President Ollanta Humala said when he took office a year ago that he'd
make the drug war a priority, and his government announced an
ambitious anti-narcotics plan in March.

So far, though, the corrupting influence of drug money has badly
weakened Peru's law-enforcement agencies and judiciary, consistently
frustrating money-laundering and drug prosecutions, says Sonia Medina,
the counternarcotics chief in the attorney general's office.

There is no shortage, meanwhile, of cocaine, which Peru supplies to
neighbors including Brazil, the world's No. 2 consumer after the
United States, as well as a growing European market.

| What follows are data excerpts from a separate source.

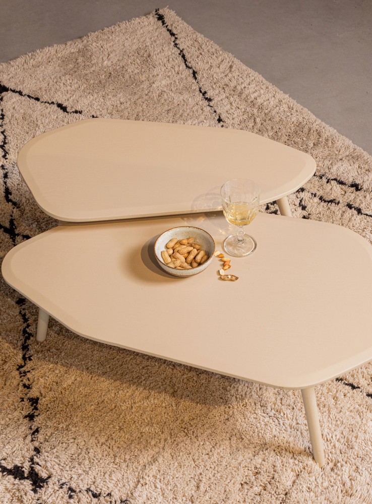Vous souhaitez acheter des tables assorties, sans forcément que ce soit des gigognes ? Dans ce cas, vous pouvez également opter pour un format qui ne s’empile pas en hauteur, mais qui s’assemble quand même avec d’autres tables basses. Souvent, ces tables prennent la forme de plusieurs blocs assortis et de différentes hauteurs (et si vous voulez notre avis, c’est vraiment trop beau…).
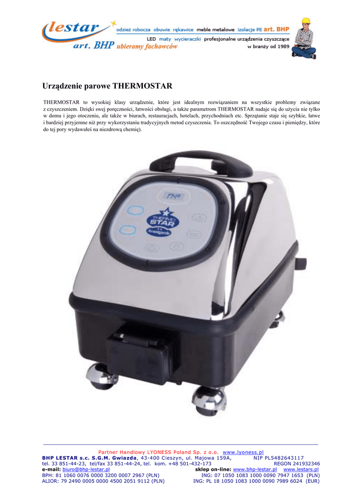 Urządzenie parowe THERMOSTAR THERMOSTAR to wysokiej klasy urządzenie, które jest idealnym rozwiązaniem na wszystkie problemy związane z czyszczeniem. Dzięki swej poręczności, łatwości obsługi, a także parametrom THERMOSTAR nadaje się do użycia nie tylko w domu i jego otoczeniu, ale także w biurach, restauracjach, hotelach, przychodniach etc. Sprzątanie staje się szybkie, łatwe i bardziej przyjemne niż przy wykorzystaniu tradycyjnych metod czyszczenia. To oszczędność Twojego czasu i pieniędzy, które do tej pory wydawałeś na niezdrową chemię). Partner Handlowy LYONESS Poland Sp. z o.o. www.lyoness.pl BHP LESTAR s.c. S.G.M. Gwiazda, 43-400 Cieszyn, ul. Majowa 159A, NIP PL5482643117 tel. 33 851-44-23, tel/fax 33 851-44-24, tel. kom. +48 501-432-173 REGON 241932346 e-mail: [email protected] sklep on-line: www.bhp-lestar.pl www.lestars.pl BPH: 81 1060 0076 0000 3200 0007 2967 (PLN) ING: 07 1050 1083 1000 0090 7947 1653 (PLN) ALIOR: 79 2490 0005 0000 4500 2051 9112 (PLN) ING: PL 18 1050 1083 1000 0090 7989 6024 (EUR) THERMOSTAR to same korzyści Czyszczenie parą o wysokiej temperaturze jest wiele dokładniejsze, bardziej higieniczne i zdrowsze od innych sposobów czyszczenia. Gorąca para o niskiej wilgotności skutecznie niszczy bakterie i grzyby. Umożliwia dotarcie do miejsc trudnodostępnych (kaloryfery, żyrandole, żaluzje, zakamarki, listwy, fugi itp.) Posadzki, płytki PCV, wykładziny wyczyścisz teraz szybciej i dokładniej. Powierzchnia będzie naprawdę czysta bez narażania Cię na żrącą chemię Mycie okien staje się najprostszą, szybką i co najważniejsze dokładną pracą - bez smug, odbić i plam - a to wszystko bez środków chemicznych. Likwidacja nieprzyjemnych zapachów z toalety i zlewów kuchennych uzyskasz dzięki dezynfekcji termicznej i neutralizacji zapachów. To duży krok w kierunku zdrowia! Użycie pary jest nie tylko ekologiczne, ale także zdrowe dla Twojej rodziny! Parametry techniczne: Kocioł: stal szlachetna Pojemność kotła: 1,4 l Pojemność zbiornika: 2,5 l Pobór energii 2000 W Ciśnienie robocze: 6 bar Wyświetlacz: cyfrowy Napięcie zasilania: 230 V -50 Hz Regulacja ciśnienia: 3 poziomy (ręczny sterownik) System oszczędności energii: tak Opcja gorącej wody: tak - 2 Lata gwarancji na urządzenie - 10 Lat gwarancji na kocioł - 10 Lat gwarancji na system grzewczy - w cenie prezentacja dla personelu Thermostar wersja podstawowa żelazko mop - 8900 zł brutto (netto 7235,77) - 980 zł brutto (netto 796,75) - 2000 zł brutto (netto 1626,01) kontakt: Robert Kalisz, tel. 33/8514423 SKYPE: bhp-lestar_sklep_on-line lub 501850428 Partner Handlowy LYONESS Poland Sp. z o.o. www.lyoness.pl BHP LESTAR s.c. S.G.M. Gwiazda, 43-400 Cieszyn, ul. Majowa 159A, NIP PL5482643117 tel. 33 851-44-23, tel/fax 33 851-44-24, tel. kom. +48 501-432-173 REGON 241932346 e-mail: [email protected] sklep on-line: www.bhp-lestar.pl www.lestars.pl BPH: 81 1060 0076 0000 3200 0007 2967 (PLN) ING: 07 1050 1083 1000 0090 7947 1653 (PLN) ALIOR: 79 2490 0005 0000 4500 2051 9112 (PLN) ING: PL 18 1050 1083 1000 0090 7989 6024 (EUR)
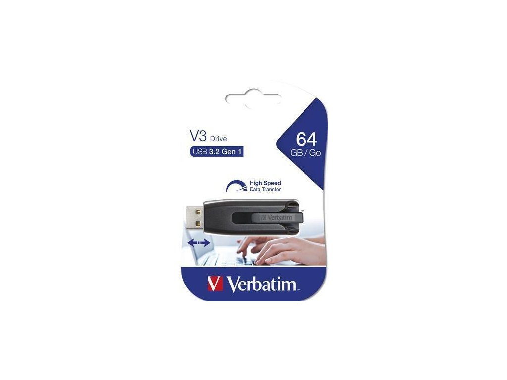 USB flash disk "V3", černá-šedá, 64GB, USB 3.0, 60/12MB/sec, VERBATIM
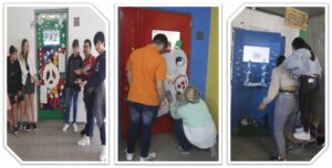 Com esta iniciativa, a Biblioteca pretendeu apelar à Paz através de um trabalho de cooperação entre todos os membros da nossa “Família Escolar”, a fim de fomentar não só a paz mundial, mas também a paz interior e para com o próximo, partilhando e respeitando ideias e aprendendo a trabalhar em equipa. Na penúltima semana, foi possível ver este espírito de cooperação e de paz nos corredores da nossa escola, pois eram muitos os alunos que em turma ou em pequenos grupos, com ou sem os seus professores dava asas à sua imaginação e decoravam as suas portas.

Under the previous administration of President Alan Garcia,
eradication of Peru's coca crop, the raw material of cocaine, did not
keep pace with new plantings.

In October, U.S. Drug Enforcement Administration intelligence chief
Rodney Benson said Peru surpassed Colombia in 2010 "in potential pure
cocaine production" and was at about 325 metric tons a year compared
to 270 metric tons from Colombia.

>From 2006 to 2010, the area under coca cultivation in Peru jumped 35
percent to 236 square miles, the U.N. says. That's double the size of
the crop in Bolivia, the No. 3 cocaine-producing nation.

Colombia's coca crop encompasses nearly twice as much area as Peru's
by U.S. measure but gets thinned regularly by herbicides sprayed by
planes flown by U.S. contractors. Peru's coca fields, by contrast,
yield more because areas that produce some of Peru's bestquality coca
remain untouched by eradicators. Many are protected by armed gangs,
including those in the Monzon region of the Upper Huallaga Valley of
central Peru, experts say.

About 55 percent of Peru's coca crop is in the Ene and Apurimac Valley
to the south, where the presence of leftist Shining Path rebels is so
strong that the government hasn't yet dared try to eradicate.

The United States has firmly backed the Humala government's
counterdrug efforts and shares Peru's opposition to drug
decriminalization, which is not on the official agenda for this week's
conference.

That omission has upset drug-production and -transit nations promoting
a debate on legalization, arguing that they pay too heavy a price
trying to fight traffickers.

"We've had 40 years of the fight against drugs, and that's time enough
to evaluate whether a strategy is successful or not," said Guatemala's
ambassador to Peru, Gabriel Aguilera.

Proponents of legalization were heartened when Uruguay announced plans
last week to legalize and sell marijuana and use the revenues to
strengthen the fight against harder drugs.